Auch deshalb kritisiert der Münchner Anwalt Hubert Heinold die ab Anfang August gültige Neuregelung scharf. Neue Mandate nimmt der 70-Jährige nicht mehr an. Denn er sagt, dass die Gerichtsentscheide immer restriktiver und sogar zynischer würden, wenn es um die Frage des Familiennachzugs geht:
"Es gibt auch durchaus Gerichtsentscheidungen, in denen zynisch drinsteht: Das haben die selbst so gewollt, das Kind ist vorneweg geschickt worden. Die haben also von Anfang an die Trennung der Familie billigend in Kauf genommen. Und jetzt müssen sie halt damit zurechtkommen. Beziehungsweise sie müssen entscheiden, wenn ein Elternpaar existiert, ob das eine Elternteil hierher kommt zu dem einen Minderjährigen und das andere Elternteil vielleicht in der Heimat bleibt."
Viele offene Fragen
Offen ist, wie viele Menschen von der Möglichkeit des Familienanzugs Gebrauch machen werden. Schätzungen eines Forschungsinstituts der Bundesagentur für Arbeit gehen von insgesamt bis zu 60.000 aus. Wann die Ersten nach Deutschland reisen können, steht auch noch nicht fest. An vielen deutschen Botschaften und Konsulaten müssen erst mal Zehntausende Anträge bearbeitet werden. Den Münchener Rechtsanwalt würde es nicht wundern, wenn Familien sich gezwungen sehen könnten, illegale Wege nach Deutschland zu finden, um nicht noch länger warten zu müssen.

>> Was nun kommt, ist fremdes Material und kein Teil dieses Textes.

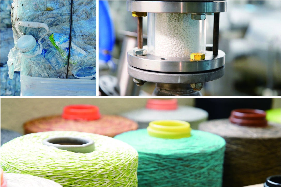 選別されたプラスチック部分は洗浄され 「アップサイクル・マリン・プラスチック」へ、そして世界でも稀なエコヤーン/ SEAQUAL YARN へと生まれ変わります。
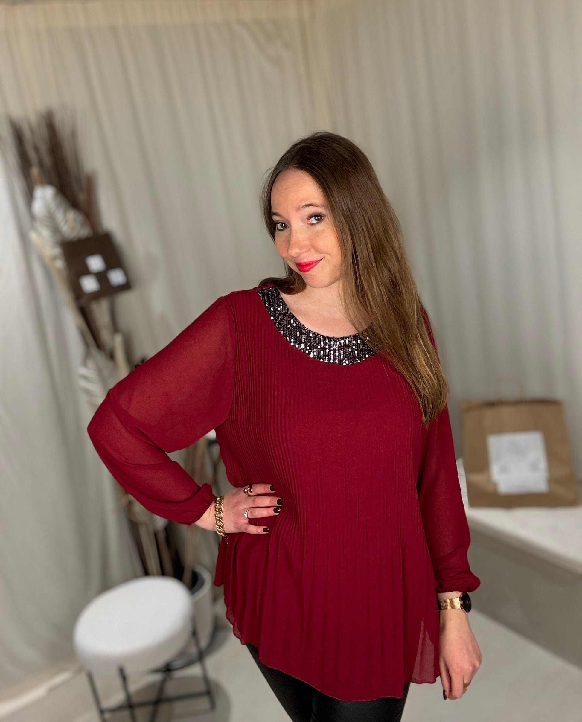 Pourquoi vous allez l’adorer : Cette blouse combine sophistication et confort. Les plissés apportent un mouvement élégant et féminin, tandis que les sequins ajoutent une touche de glamour qui capte la lumière. Polyvalente et facile à porter, elle devient rapidement la pièce phare de vos tenues pour toutes vos occasions spéciales. Avec elle, vous êtes sûre de rayonner et de vous sentir à la fois chic et confortable.

"Der Antrag lohnt sich schon, aber man muss sich klar darüber sein, dass es etwas von Lotterie hat. Von den aktuellen Antragstellern werden ein Prozent in absehbarer Zeit eine positive Entscheidung bekommen. 50 Prozent in einem Zeitraum von ein, zwei Jahren und der Rest in einem Zeitraum zwei plus Jahren. Das ist die objektive Situation."